The effectiveness of the cleaning procedures was evaluated on coated aluminum 2024 coupons covered in CPC without fungistat. Three separate areas on each coupon were chosen for cleaning with one of the cleaning methods. Regardless of topcoat type, fungal spores persisted in the CPC. A coated aluminum coupon with CPC was evaluated after cleaning with IPA (Figure 1). Prior to cleaning, segmented fungal hyphae can clearly be observed either on or within the CPC itself. After cleaning, trenches in the CPC where fungal hyphae were prior were observed via AFM. These results indicated that fungi grew within the CPC but did not adhere to the topcoat itself. In comparison, fungal growth on bare topcoat produced significantly more adherent hyphae that required NavClean for complete removal.

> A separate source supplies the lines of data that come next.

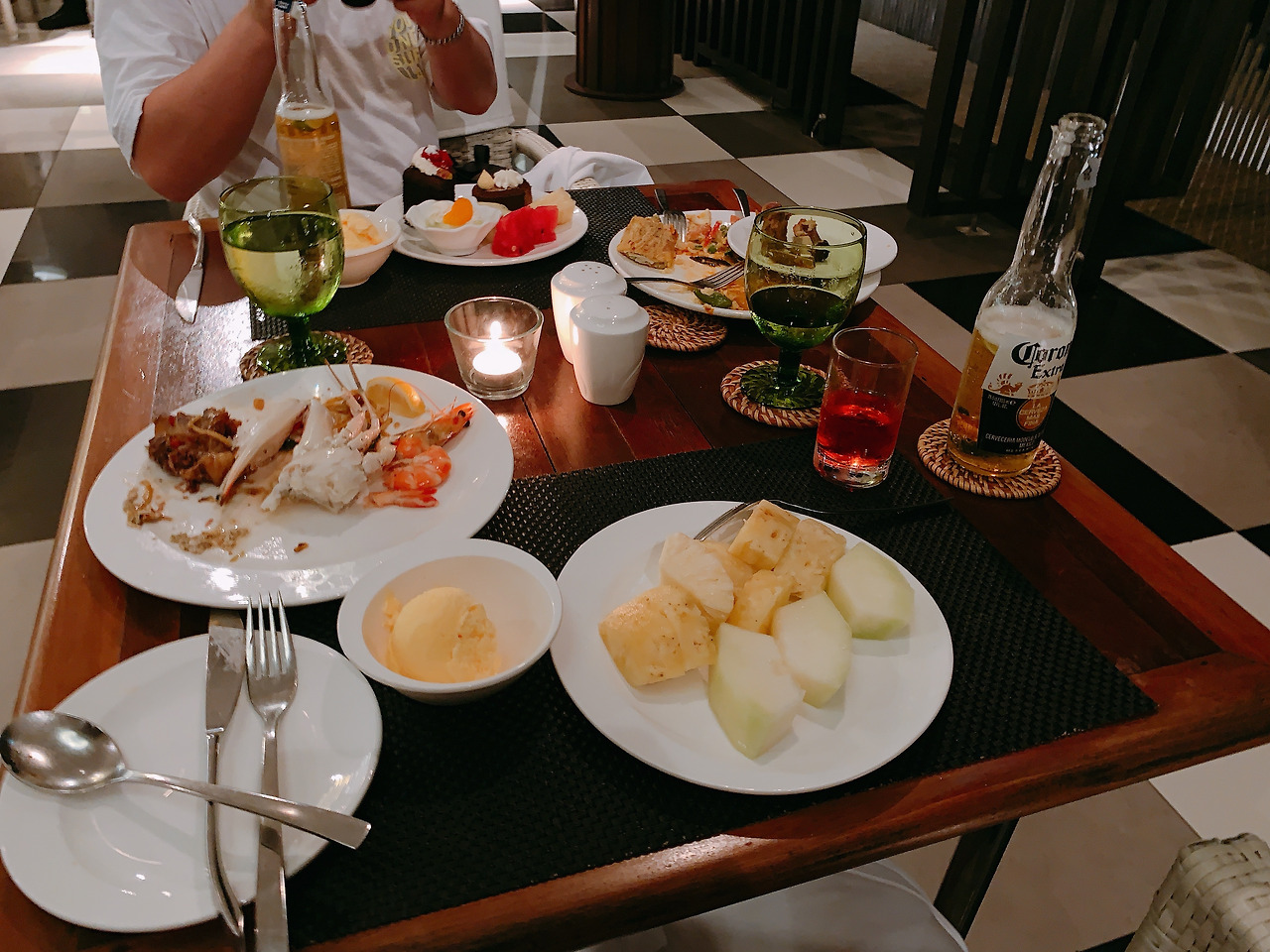 뷔페였기에 먹고 싶은 음식을 원하는 양만큼 담아와 눈으로 먼저 음식을 담았고 그 뒤는 뭐~ 배고픈 사람을 누가 말리리!! 너무 잘 먹는 우리를 보았던 것 인지 셰프의 즉흥 서비스 인지 우리 테이블에 레스토랑의 셰프가 방문했다. 음식은 입에 맞는지, 어디서 왔는지, 혹시 지금 가장 먹고 싶은 음식이 있는지 우리에겐 생선과 소고기 두 종류의 음식을 너희에게 준비해 줄 수 있는데 먹어보겠냐는 질문과 제안의 연속이었다. 너무 좋았고 우린 좋다고 대답하고 싶었지만, 이미 너무나 많이 먹은 상태라 아쉽지만 다음기회에 먹겠다는 말을 전했다. 우리의 대답을 들은 셰프는 정말 아쉬웠다보다. 방번호를 물었고 내일 꼭 다시 와 달라는 말을 남기며 리조트를 방문해줘서 고맙다는 너무나 기분 좋은 환영을 받으며 돌아섰고 그렇게 우리의 특별한 저녁을 마무리했다.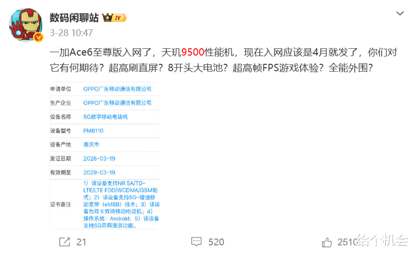 以往大概是6月前后上市,现在提前到了4月份,近期一加ace 6至尊版和红米k90至尊版都已经入网,预计4月中旬就会发布,追求高性价比、高性能的用户可以等等。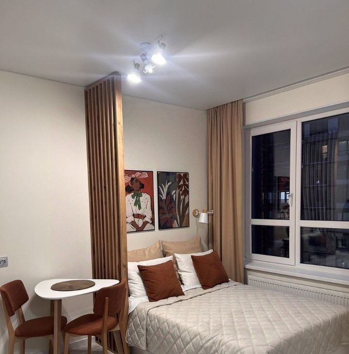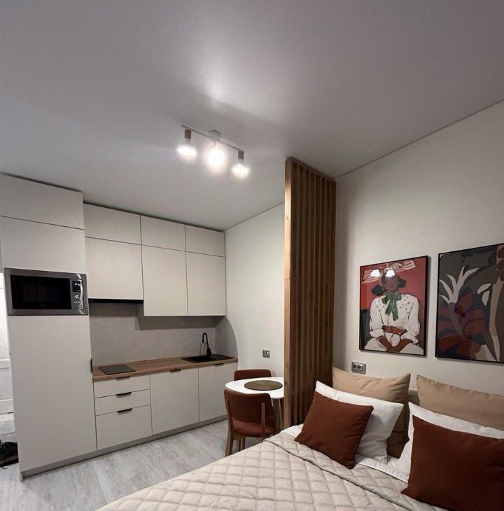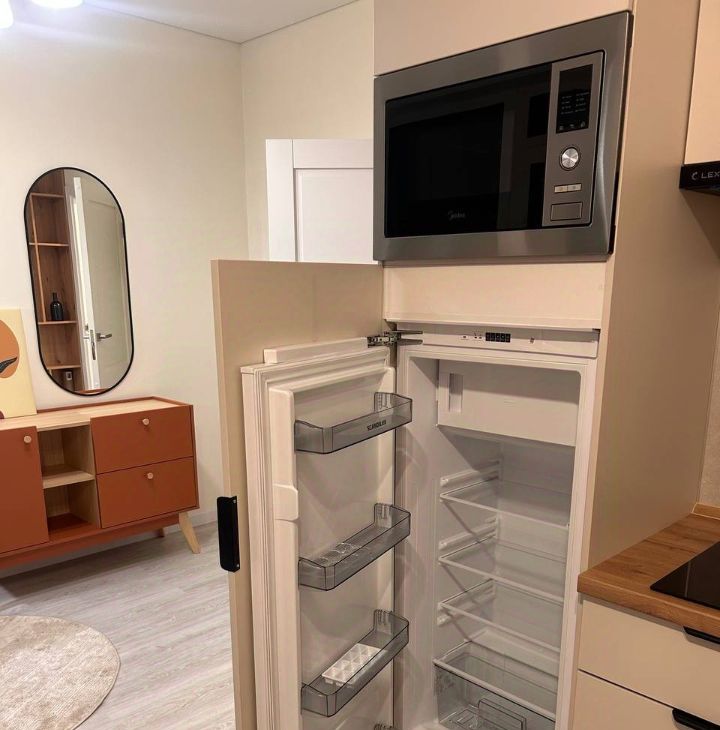 Есть всё необходимое для комфортной жизни — встроенная кухня, варочная панель, холодильник, стиральная машина, удобная кровать, места для хранения.

Various common cleaning solvents used on the fungal hyphae were shown to be relatively ineffective in removing the attached growths from the coating surfaces (IPA, ACE, EtOH and MeOH). The NavClean solution was the most effective in removing growths from organic coatings surfaces. Combinations of cleaning procedures may be required to remove both fungal growths and operational fluids which are acting as additional nutrients for microbiological propagation.

References

[1] DM Lavoie et al., "Microfungal degradation of polyurethane paint and corrosion of aluminum alloy in military helicopters," CORROSION / 97, Paper no. 218 (Houston, TX: NACE International, 1997), p. 7.

[2] RI Ray, BJ Little, ES Arafat, "A Laboratory Evaluation of Corrosion Preventive Compounds and Mildew Inhibitors in the Presence of Fungi," Report No. NRL/MR/7330--10-9273, Aug. 19, (Stennis Space Center, MS: Naval Research Laboratory, 2010).

[3] NAVAIR 01-1A-509-5 Technical Manual, Cleaning and Corrosion Control, Vol 1-5, March 2005.